The Phantom of the Elytra -- Phylogenetic Trait Extraction from Images of Rove Beetles Using Deep Learning -- Is the Mask Enough?
Roberta Hunt, Kim Steenstrup Pedersen
TL;DR
This study tackles the scalability challenge of phylogenetic trait extraction from images by comparing three morphological representations—segmentations, binary masks, and Fourier descriptors—using deep learning on the rove beetle-focused Rove-Tree-11 dataset. It finds that binary masks yield the strongest phylogenetic signal, while Fourier descriptors underperform, likely due to limited model capacity and outline distortions. The results suggest shape representations may be more phylogenetically informative than dorsal texture or full segmentation in this taxon, though broader validation is needed.
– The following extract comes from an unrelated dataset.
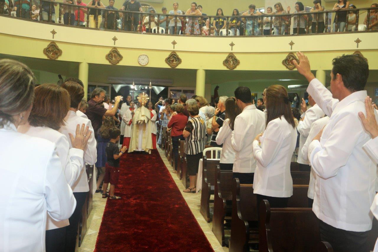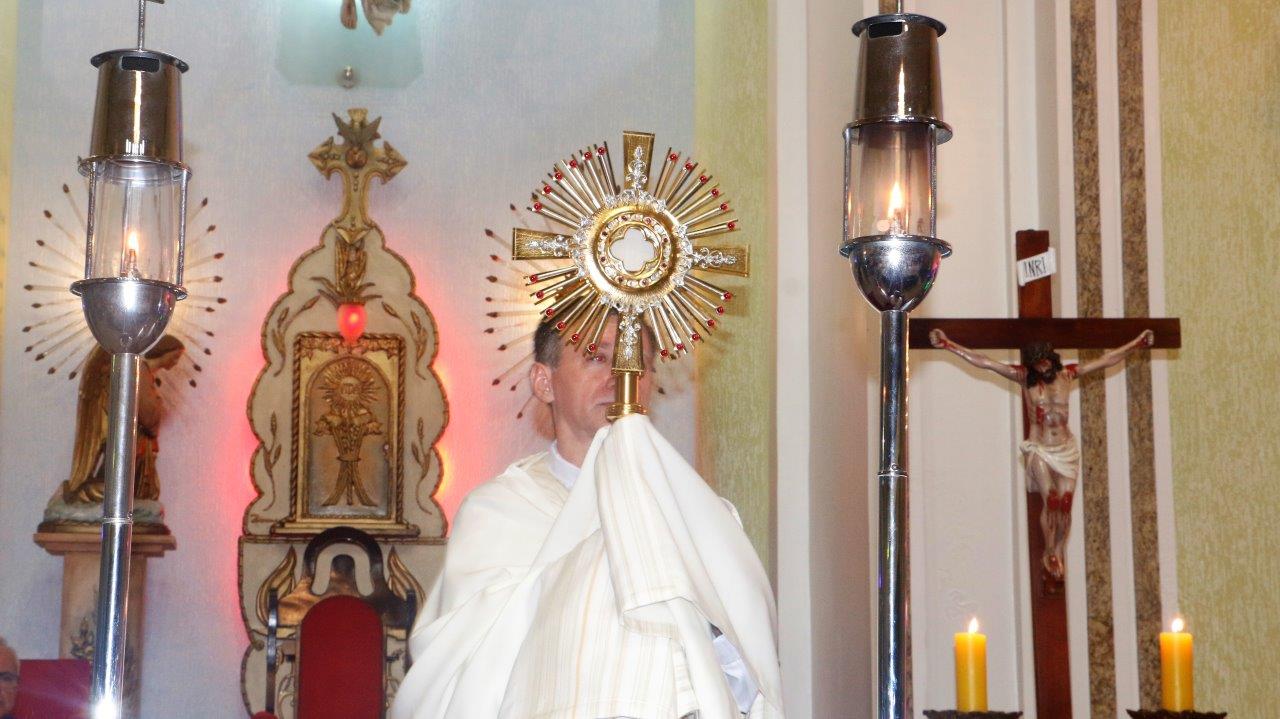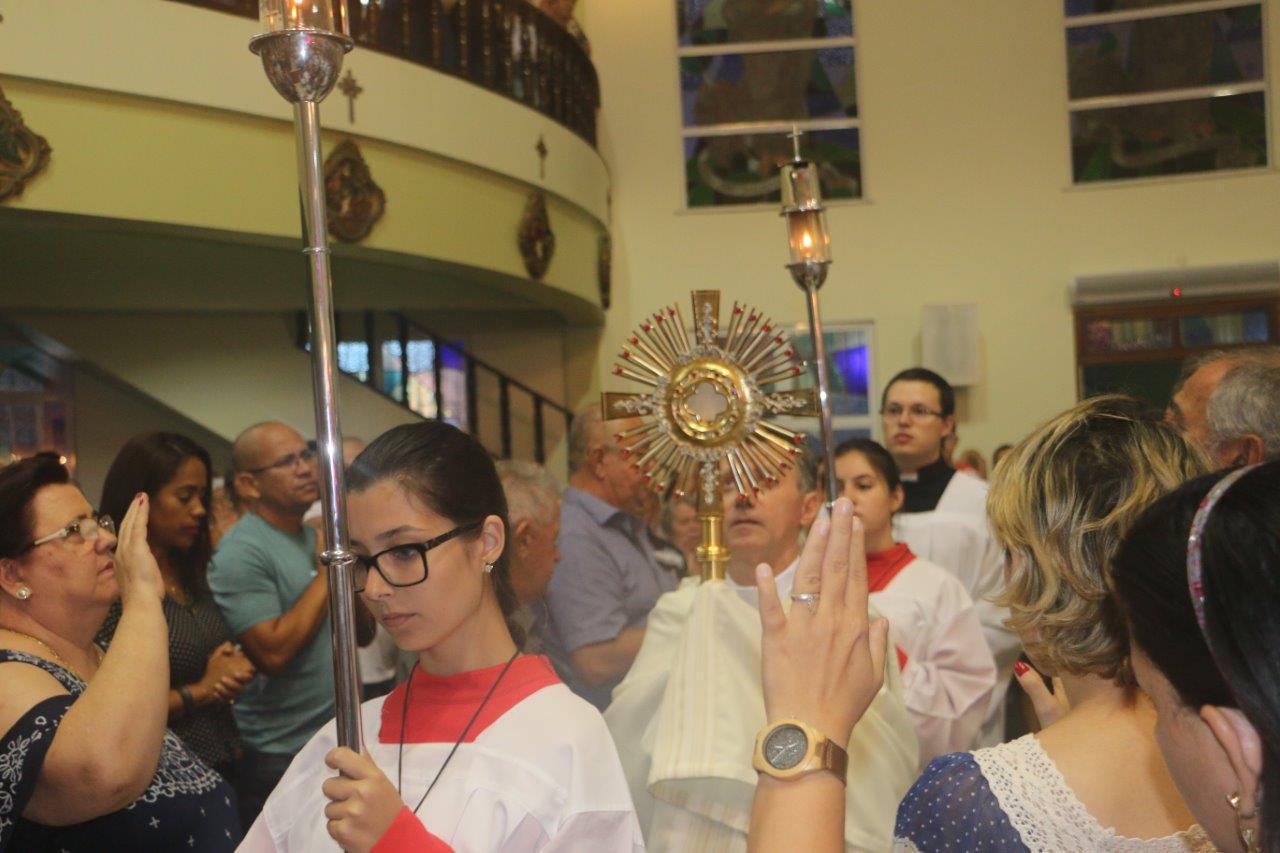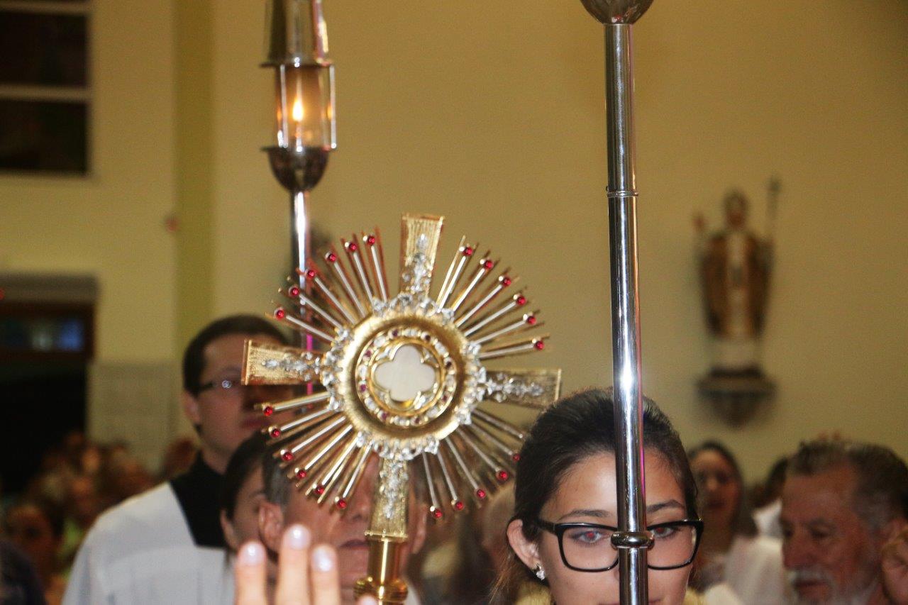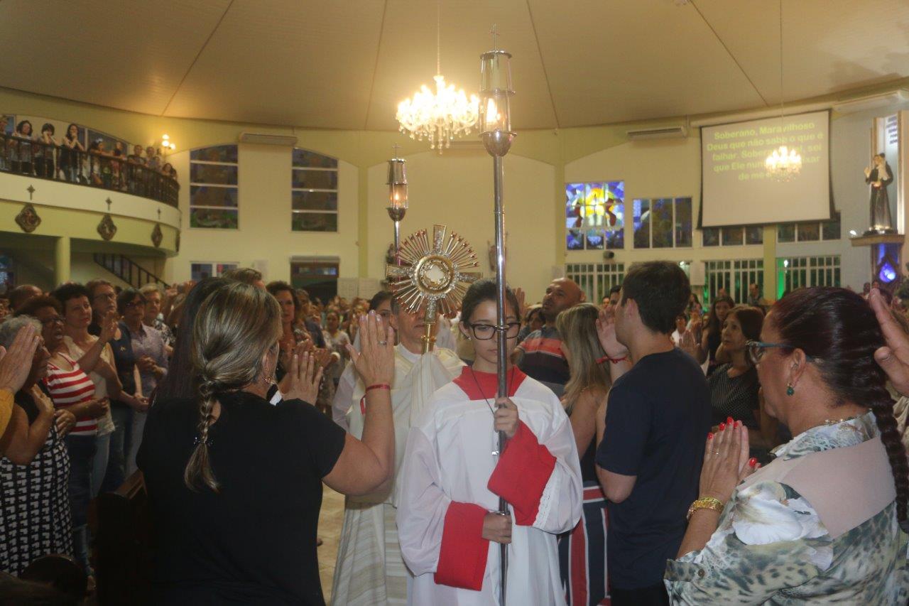 Ao final, Pe. Alcides trouxe o Santíssimo Sacramento para a Adoração de todos e O conduziu por entre o povo, realizando a primeira volta.

Overall, the work informs representation choices for automated morphological phylogenetics and highlights the need for explainability and cross-taxon assessment.
Abstract
Phylogenetic analysis traditionally relies on labor-intensive manual extraction of morphological traits, limiting its scalability for large datasets. Recent advances in deep learning offer the potential to automate this process, but the effectiveness of different morphological representations for phylogenetic trait extraction remains poorly understood. In this study, we compare the performance of deep learning models using three distinct morphological representations - full segmentations, binary masks, and Fourier descriptors of beetle outlines. We test this on the Rove-Tree-11 dataset, a curated collection of images from 215 rove beetle species. Our results demonstrate that the mask-based model outperformed the others, achieving a normalized Align Score of 0.33 plus/minus 0.02 on the test set, compared to 0.45 plus/minus 0.01 for the Fourier-based model and 0.39 plus/minus 0.07 for the segmentation-based model. The performance of the mask-based model likely reflects its ability to capture shape features while taking advantage of the depth and capacity of the ResNet50 architecture. These results also indicate that dorsal textural features, at least in this group of beetles, may be of lowered phylogenetic relevance, though further investigation is necessary to confirm this. In contrast, the Fourier-based model suffered from reduced capacity and occasional inaccuracies in outline approximations, particularly in fine structures like legs. These findings highlight the importance of selecting appropriate morphological representations for automated phylogenetic studies and the need for further research into explainability in automatic morphological trait extraction.